(MATERIAL FOR THIS TASK)
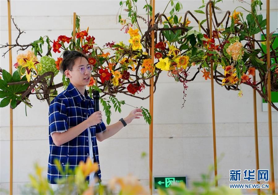 6月13日,第45屆世界技能大賽花藝項(xiàng)目冠軍、上海應(yīng)用技術(shù)大學(xué)學(xué)生陸亦煒在介紹自己主持設(shè)計(jì)和創(chuàng)作的花藝作品。當(dāng)日,“2020中國(上海)萱草文化節(jié)”在上海應(yīng)用技術(shù)大學(xué)開幕,校園里數(shù)百個(gè)品種的萱草花競相綻放,萱草科研推廣、萱草文化交流等多項(xiàng)活動(dòng)同時(shí)舉行。新華社記者 劉穎 攝
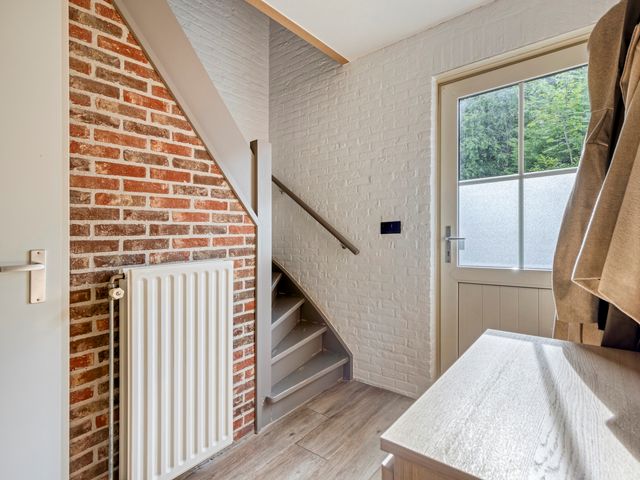 Een ruime ontvangsthal met houten trap naar de 1e verdieping. Vanuit de ontvangsthal is er toegang tot de L-vormige woonkamer en de trapkast. De ontvangsthal is voorzien van een keramische tegelvloer en de wanden zijn voorzien van schoonmetselwerk.
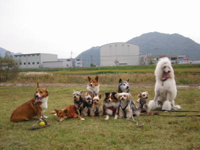 今日は、お友達のTOKIKOさん率いるFancyファミリーが、こちら方面に紅葉を見に来ると言うので、是非、いつもの河川敷で一緒に遊んで貰おうとお誘いした。午後からのお天気が心配だったけど、無事雨も降らずみんなで河川敷へ。やっぱり今日も貸切〜♪ 早速、美雨ちゃんとアトムは仲良く走る!走る! おチビちゃん達もボール遊びをしたり元気だわ〜♪ すでにひと遊びしてきた後なのにね〜。(笑) 2時間程の間に、3度も列車が通って、その都度アトムは電車でGO!を披露する事に。(^^ゞ あんたも好きねぇ〜。Fancyファミリーとはこれで3度目。みんないい子ばかり。初めて会った母親も感心することしきり。しかし、相変わらずチビちゃん達の区別がつかなぃーーー。でもみんなご挨拶に来てくれて、かわいいかった♪ 区別がつくように頑張るぞぉ〜〜〜。(笑) さぁそろそろ帰ろうか・・・って頃に雨がポツポツ。やっぱり晴れ女TOKIKOさんだわ〜。今日はありがとうございました。お土産まで頂いちゃって。m(_
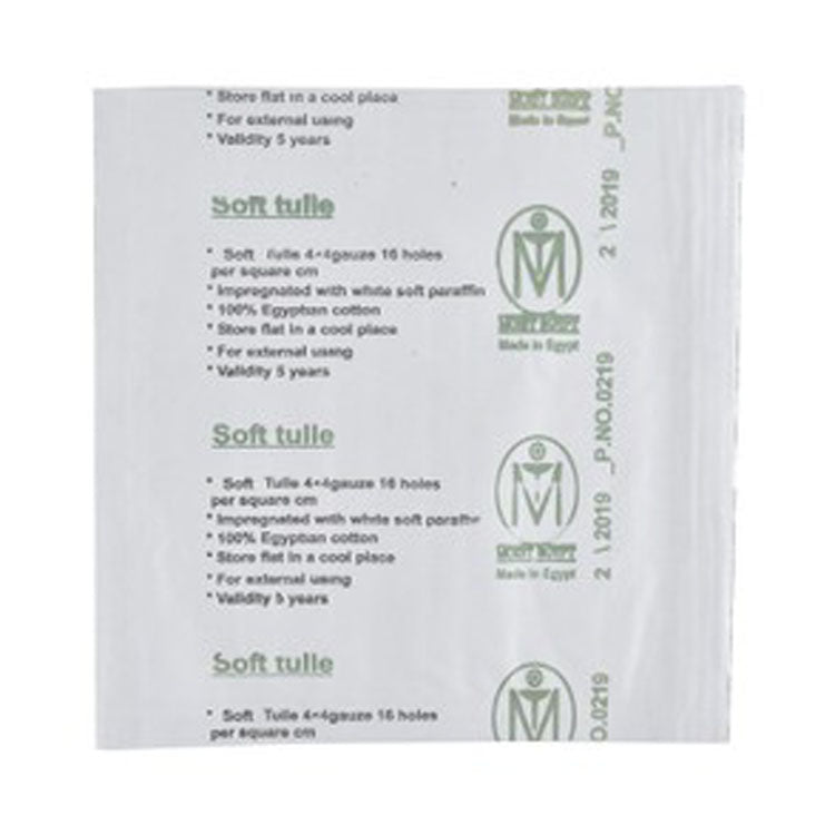 الشاش الناعم من التول مع البارافين الأبيض الناعم هو ضمادة غير لاصقة مصممة لحماية الجروح وتعزيز الشفاء ومنع الالتصاق بسطح الجرح، ومناسبة لمجموعة متنوعة من الإصابات السطحية.
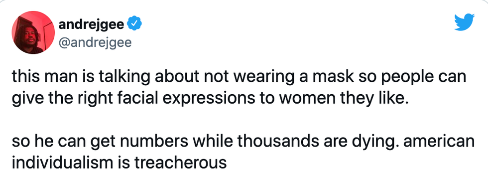 "But all of that energy gets blocked when your mask is on. Energy is important, and we are all conductors of f*cking good energy."
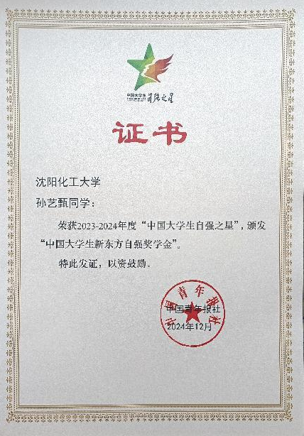 近日,从共青团中央、全国学联传来喜讯,由团中央基层建设部、中国青年报社、新东方教育科技集团、中国青年创业就业基金会联合举办的2023 - 2024年度“中国大学生自强之星”奖学金评选结果揭晓,beat·365孙艺甄同学凭借出色的个人表现和突出的自强事迹,荣获“中国大学生自强之星”荣誉称号。
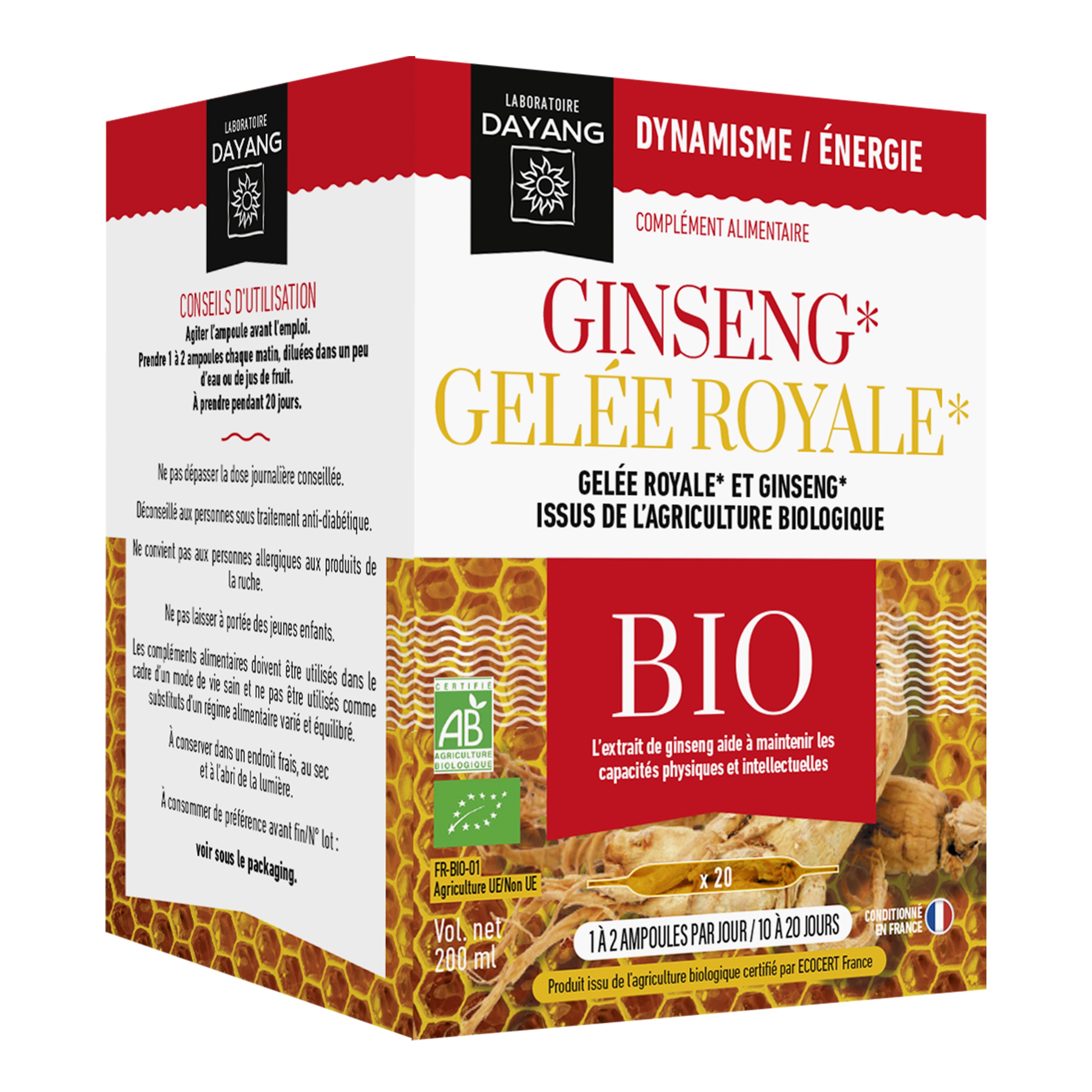 Le complexe ginseng gelée royale BIO Dayang associe le ginseng au produit phare de la ruche, réservé à la reine des abeilles. Le ginseng aide à maintenir les capacités physiques et intellectuelles en cas de faiblesse, d'épuisement, de fatigue et de perte de concentration. Il aide à mantenir de bonnes performances cognitives et favorise les performances de la mémoire. Conditionné en France. * Produit issu de l'agriculture biologique certifié par ECOCERT France sas FR-BIO-01.
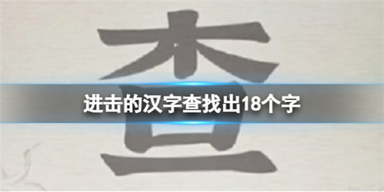 进击的汉字查找出18个字怎么过?进击的汉字查找出18个字是游戏中很有挑战性的一个关卡,这个关卡有着全新的玩法设计,给玩家带来很多的游戏体验,在游戏中玩家可以自由战斗,体验很多好玩的操作,还会有全新的关卡等你来挑战,游戏的关卡玩法多样,不同关卡会有各种挑战,需要玩家很多的操作,还有各种思考才可以完成关卡挑战,在游戏中还会有很多有趣的玩法,完成关卡挑战,可以解锁更多好玩的关卡,给玩家带来更多的游戏体验,游戏的查找出18个字怎么过很多玩家不知道,小编这里有查找出18个字怎么过的详细玩法,不知道查找出18个字怎么过的小伙伴可以来这里看看。

(YOUR GOAL) Write out the material exactly, excluding pictures.

(ANSWER SPACE)
 6月13日,第45屆世界技能大賽花藝項(xiàng)目冠軍、上海應(yīng)用技術(shù)大學(xué)學(xué)生陸亦煒在介紹自己主持設(shè)計(jì)和創(chuàng)作的花藝作品。當(dāng)日,“2020中國(上海)萱草文化節(jié)”在上海應(yīng)用技術(shù)大學(xué)開幕,校園里數(shù)百個(gè)品種的萱草花競相綻放,萱草科研推廣、萱草文化交流等多項(xiàng)活動(dòng)同時(shí)舉行。新華社記者 劉穎 攝
 Een ruime ontvangsthal met houten trap naar de 1e verdieping. Vanuit de ontvangsthal is er toegang tot de L-vormige woonkamer en de trapkast. De ontvangsthal is voorzien van een keramische tegelvloer en de wanden zijn voorzien van schoonmetselwerk.
 今日は、お友達のTOKIKOさん率いるFancyファミリーが、こちら方面に紅葉を見に来ると言うので、是非、いつもの河川敷で一緒に遊んで貰おうとお誘いした。午後からのお天気が心配だったけど、無事雨も降らずみんなで河川敷へ。やっぱり今日も貸切〜♪ 早速、美雨ちゃんとアトムは仲良く走る!走る! おチビちゃん達もボール遊びをしたり元気だわ〜♪ すでにひと遊びしてきた後なのにね〜。(笑) 2時間程の間に、3度も列車が通って、その都度アトムは電車でGO!を披露する事に。(^^ゞ あんたも好きねぇ〜。Fancyファミリーとはこれで3度目。みんないい子ばかり。初めて会った母親も感心することしきり。しかし、相変わらずチビちゃん達の区別がつかなぃーーー。でもみんなご挨拶に来てくれて、かわいいかった♪ 区別がつくように頑張るぞぉ〜〜〜。(笑) さぁそろそろ帰ろうか・・・って頃に雨がポツポツ。やっぱり晴れ女TOKIKOさんだわ〜。今日はありがとうございました。お土産まで頂いちゃって。m(_
 الشاش الناعم من التول مع البارافين الأبيض الناعم هو ضمادة غير لاصقة مصممة لحماية الجروح وتعزيز الشفاء ومنع الالتصاق بسطح الجرح، ومناسبة لمجموعة متنوعة من الإصابات السطحية.
 "But all of that energy gets blocked when your mask is on. Energy is important, and we are all conductors of f*cking good energy."
 近日,从共青团中央、全国学联传来喜讯,由团中央基层建设部、中国青年报社、新东方教育科技集团、中国青年创业就业基金会联合举办的2023 - 2024年度“中国大学生自强之星”奖学金评选结果揭晓,beat·365孙艺甄同学凭借出色的个人表现和突出的自强事迹,荣获“中国大学生自强之星”荣誉称号。
 Le complexe ginseng gelée royale BIO Dayang associe le ginseng au produit phare de la ruche, réservé à la reine des abeilles. Le ginseng aide à maintenir les capacités physiques et intellectuelles en cas de faiblesse, d'épuisement, de fatigue et de perte de concentration. Il aide à mantenir de bonnes performances cognitives et favorise les performances de la mémoire. Conditionné en France. * Produit issu de l'agriculture biologique certifié par ECOCERT France sas FR-BIO-01.
 进击的汉字查找出18个字怎么过?进击的汉字查找出18个字是游戏中很有挑战性的一个关卡,这个关卡有着全新的玩法设计,给玩家带来很多的游戏体验,在游戏中玩家可以自由战斗,体验很多好玩的操作,还会有全新的关卡等你来挑战,游戏的关卡玩法多样,不同关卡会有各种挑战,需要玩家很多的操作,还有各种思考才可以完成关卡挑战,在游戏中还会有很多有趣的玩法,完成关卡挑战,可以解锁更多好玩的关卡,给玩家带来更多的游戏体验,游戏的查找出18个字怎么过很多玩家不知道,小编这里有查找出18个字怎么过的详细玩法,不知道查找出18个字怎么过的小伙伴可以来这里看看。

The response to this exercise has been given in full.